I think that many of my students can relate to my story of not having any family members who have graduated from college. We talk about how this could go one of two ways. Either they will want it for you and help to push you, or they wont understand the importance, or the dedication it takes to get there! I had one sibling who checked in with me about school. I knew that I was not going to have the proper environment to focus by staying at home so I decided to take a soccer scholarship for The University of Memphis just to live with her. Her and her husband were taking courses her and their while both working full time and raising their son. They understood my commitment. When I eventually moved back after realizing soccer was getting in the way, I came across some health challenges that slowed me down but did not stop me. It was at this time that I met my husband Donovan. He was a blessing who also understood the importance of my graduating from college. Even when we later started talking about marriage, it was clear that we would not become engaged until after graduation so that it did not take my mind off of a goal that meant so much to me. He took it so literal, he proposed to me at my college graduation party. He knew I wanted to graduate first! I have continued to push myself by creating new goals ever since I graduated.

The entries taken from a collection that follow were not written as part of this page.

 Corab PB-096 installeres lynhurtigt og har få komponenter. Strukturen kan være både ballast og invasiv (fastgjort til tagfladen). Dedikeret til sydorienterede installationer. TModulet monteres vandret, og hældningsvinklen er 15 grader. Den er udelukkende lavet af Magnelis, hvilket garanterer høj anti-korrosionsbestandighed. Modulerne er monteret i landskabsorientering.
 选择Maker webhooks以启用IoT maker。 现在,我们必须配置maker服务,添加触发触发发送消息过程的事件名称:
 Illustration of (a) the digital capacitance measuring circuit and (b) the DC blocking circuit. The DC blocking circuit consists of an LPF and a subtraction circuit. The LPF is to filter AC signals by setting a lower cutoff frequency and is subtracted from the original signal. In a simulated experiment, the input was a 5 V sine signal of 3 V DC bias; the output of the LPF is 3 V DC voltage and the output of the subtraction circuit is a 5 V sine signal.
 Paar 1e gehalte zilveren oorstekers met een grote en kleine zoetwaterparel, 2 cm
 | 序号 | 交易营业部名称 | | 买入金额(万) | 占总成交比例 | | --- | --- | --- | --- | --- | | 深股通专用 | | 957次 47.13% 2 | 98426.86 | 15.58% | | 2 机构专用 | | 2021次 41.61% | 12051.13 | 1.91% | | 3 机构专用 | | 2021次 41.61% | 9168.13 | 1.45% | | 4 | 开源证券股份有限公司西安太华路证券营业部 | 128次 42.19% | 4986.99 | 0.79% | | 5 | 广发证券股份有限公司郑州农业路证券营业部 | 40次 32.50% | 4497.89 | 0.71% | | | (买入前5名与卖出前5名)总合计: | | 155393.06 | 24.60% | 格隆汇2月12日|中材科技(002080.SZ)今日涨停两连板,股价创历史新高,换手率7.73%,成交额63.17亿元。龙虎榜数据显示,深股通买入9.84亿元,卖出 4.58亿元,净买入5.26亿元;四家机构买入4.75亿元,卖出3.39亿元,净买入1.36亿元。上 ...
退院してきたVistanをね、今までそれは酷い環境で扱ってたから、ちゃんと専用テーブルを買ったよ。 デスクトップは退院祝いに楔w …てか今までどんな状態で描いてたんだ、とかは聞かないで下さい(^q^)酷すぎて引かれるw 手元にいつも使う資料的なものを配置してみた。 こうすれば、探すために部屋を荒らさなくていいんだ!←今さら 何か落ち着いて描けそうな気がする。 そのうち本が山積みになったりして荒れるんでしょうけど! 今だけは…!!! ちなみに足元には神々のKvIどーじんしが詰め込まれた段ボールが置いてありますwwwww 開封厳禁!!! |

Why did I become a teacher?
I know that there is more that I want to say than what is going to come out right now, but I will try my best to organize my thoughts. Ever since I was little, I had two careers in mind. I knew that I wanted to work with children, but I didn’t know if I wanted to be a teacher or a pediatrician. I often played both roles at home with my stuffed animals.

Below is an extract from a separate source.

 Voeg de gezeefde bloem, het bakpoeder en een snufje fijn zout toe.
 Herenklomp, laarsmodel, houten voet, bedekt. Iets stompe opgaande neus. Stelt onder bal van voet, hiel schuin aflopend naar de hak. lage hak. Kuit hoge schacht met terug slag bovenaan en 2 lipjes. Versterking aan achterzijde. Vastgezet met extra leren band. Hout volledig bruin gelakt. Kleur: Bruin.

When it comes down to it, I knew that I wanted to help kids grow, whether it be in body or mind. As I came closer to choosing my profession, I realized that my experiences helped me choose. I would have to say that I was lucky to have all kinds of teachers. I had amazing teachers who taught me to “Go above and beyond.” I unfortunately also had teachers who, for lack of better words, did the opposite. I wanted to be the teacher who encourages children to learn, who gives them the confidence they need, and who never lets them give up!
What do I believe about children and their education?
A child’s education is in our hands. We, as educators, have a larger impact than what we sometimes realize. I believe that every child wants to learn something; we just need to find what motivates them. I believe that we teach them more than content.
What do I believe education is preparing students for?
We prepare them to question, communicate, collaborate, and take action. We are preparing them to be all around successful individuals. We prepare them to be life long learners. We are preparing our students for life.